А. Долинин - Владимир Набоков: pro et contra T2
В Соединенных Штатах Набоков по-прежнему выдерживал определенную дистанцию, упоминая Блока. Помимо поставленной перед собой задачи отречься от сентиментальных юношеских излияний, возможно, имели место политические соображения: диссоциировать себя не только от двойственного отношения Блока к революции, но и от канонизации его некоторыми кругами эмигрантского сообщества как мученика русской культуры. Разъяснительный комментарий можно найти в обзоре антологии русской литературы под редакцией Б. Дж. Герни:
«Массив блоковской поэзии — это гетерогенная смесь скрипок и пошлятины. Он был превосходным поэтом с кашей в голове. То темное и глубинно реакционное, что было в нем (порой сродни политическим статьям Достоевского), туманная и мрачная перспектива с пылающим костром из книг в конце увела его прочь от его гениальности, как только он начал думать. Исконные коммунисты совершенно справедливо не принимали его всерьез. Его поэма „Двенадцать“ — провал, и неудивительно, что один советский критик заметил по поводу ее несуразного финала: „Едва ли стоило карабкаться на вершину нашей горы, чтобы нахлобучить сверху средневековую раку“».[117]

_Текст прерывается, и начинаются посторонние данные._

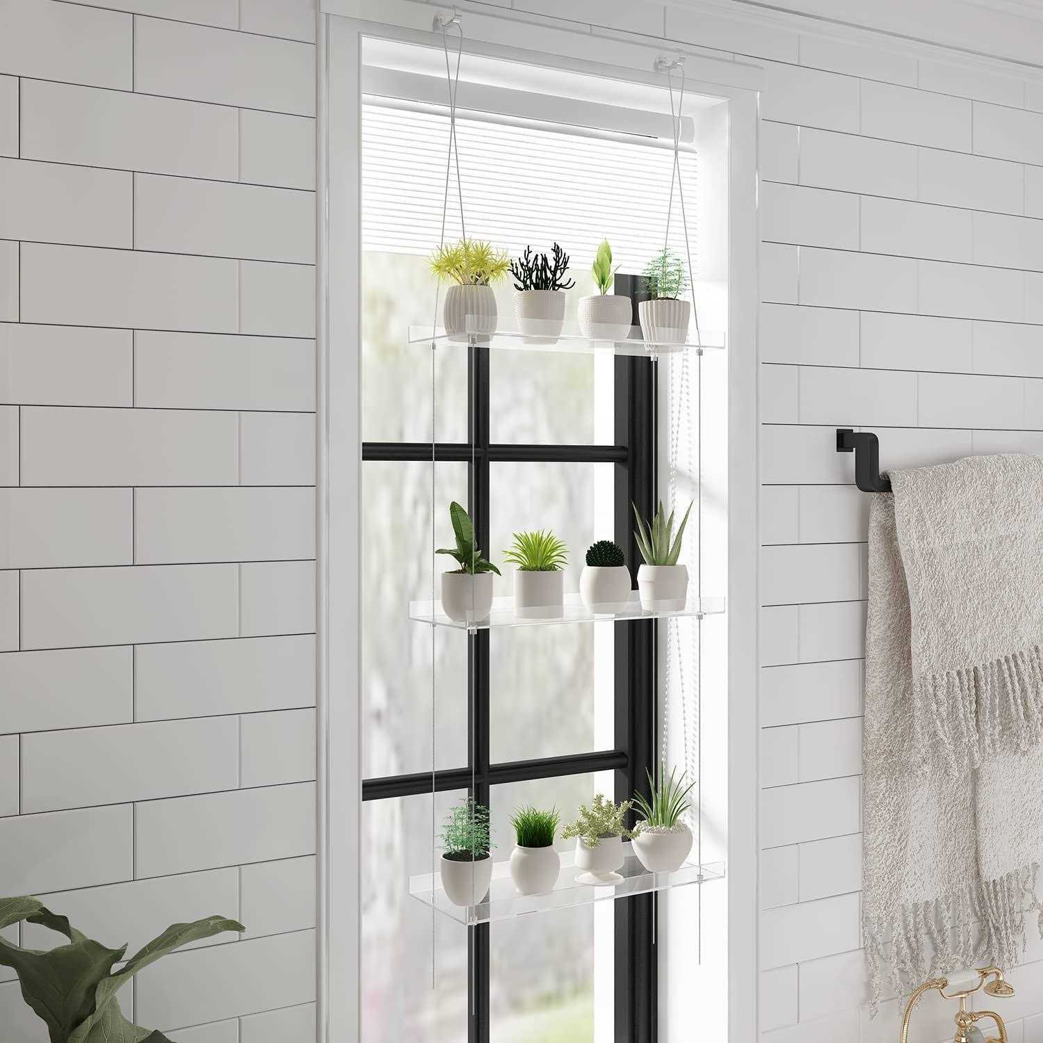 Hanging Acrylic Shelves for Windows Clear Window Wall Plant Stand Shelf for Kitchen Window

Эти оговорки, однако, не помешали Набокову включить стихи Блока, в том числе «Двенадцать», в курс русской литературы, сопроводив собственными переводами, равно как и чтение лекций о нем эмигрантской публике, как в довоенном Берлине. Были, как уже говорилось, планы опубликовать эти переводы, но проект не нашел своего воплощения.[118] Отношение к Блоку, к которому пришел в итоге Набоков, можно объяснить, если сравнить второе стихотворение, написанное вскоре после смерти Блока в 1921 году, и суждение, высказанное им в письме Эдмунду Уилсону в 1943 году. Стихотворение «На смерть Блока» начинается взволнованными строчками, которые Струве назвал «безвкусными и претенциозными», но которые наглядно демонстрируют интересующемуся тем, как развивался шаблон литературных предпочтений, что «четыре ангела-хранителя» русской поэзии уже прочно стоят на своих местах:[119]
Пушкин — радуга по всей земле,Лермонтов — путь млечный над горами,Тютчев — ключ струящийся во мгле,Фет — румяный луч во храме.
Все они, уплывшие от насв рай, благоухающий широко,собрались, чтоб встретить в должный часдушу Александра Блока…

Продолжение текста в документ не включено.